- _What is being asked_: Beginning with the line that contains "Chiloscyllium sp. Extinct bamboo shark" in the material below, print each line exactly until the line that contains "Hollywood Rogue Shirts" has been printed, then stop.

====== Supplied data ======

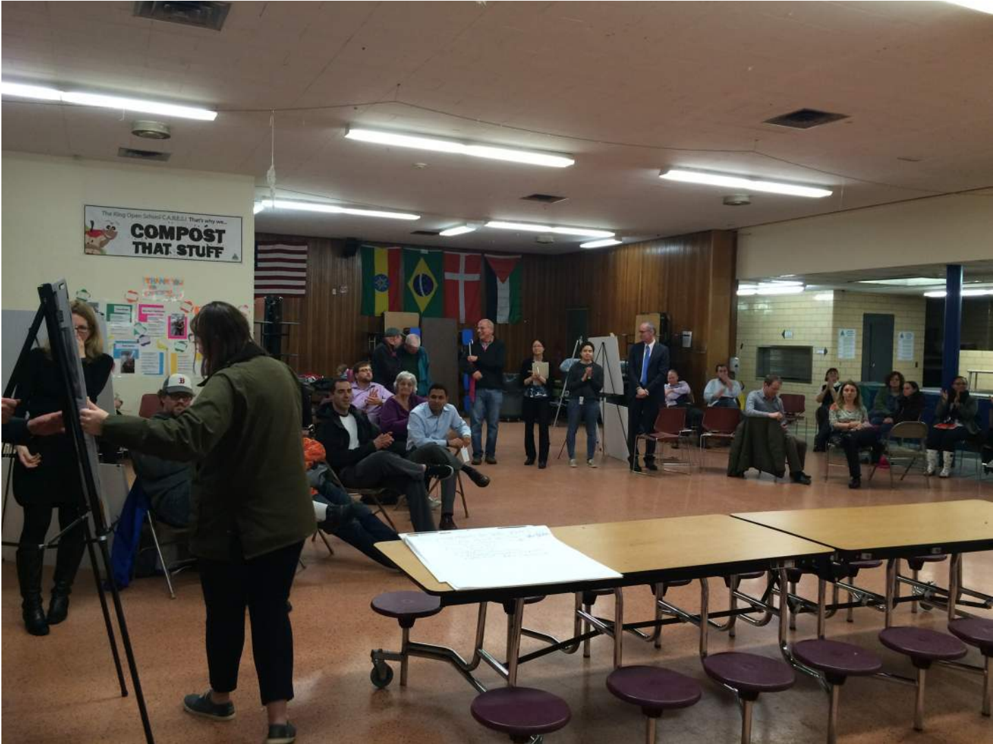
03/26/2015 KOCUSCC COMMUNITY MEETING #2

======
====== Supplied data ======

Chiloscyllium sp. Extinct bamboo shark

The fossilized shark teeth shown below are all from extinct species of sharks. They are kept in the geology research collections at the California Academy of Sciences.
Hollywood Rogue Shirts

======
====== Supplied data ======

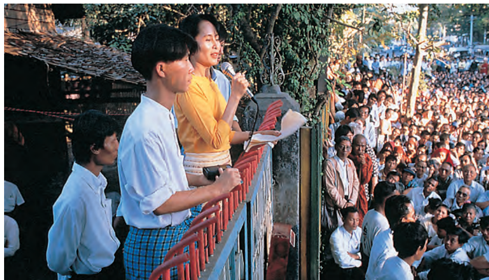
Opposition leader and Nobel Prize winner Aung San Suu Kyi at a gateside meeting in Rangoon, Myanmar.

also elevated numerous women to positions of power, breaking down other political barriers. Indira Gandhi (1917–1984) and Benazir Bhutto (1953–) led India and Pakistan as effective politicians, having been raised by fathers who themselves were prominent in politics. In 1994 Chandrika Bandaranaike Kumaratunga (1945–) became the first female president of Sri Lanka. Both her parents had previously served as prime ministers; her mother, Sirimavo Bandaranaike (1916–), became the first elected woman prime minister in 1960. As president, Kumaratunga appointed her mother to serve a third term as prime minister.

======

- _Output below_:
Chiloscyllium sp. Extinct bamboo shark

The fossilized shark teeth shown below are all from extinct species of sharks. They are kept in the geology research collections at the California Academy of Sciences.
Hollywood Rogue Shirts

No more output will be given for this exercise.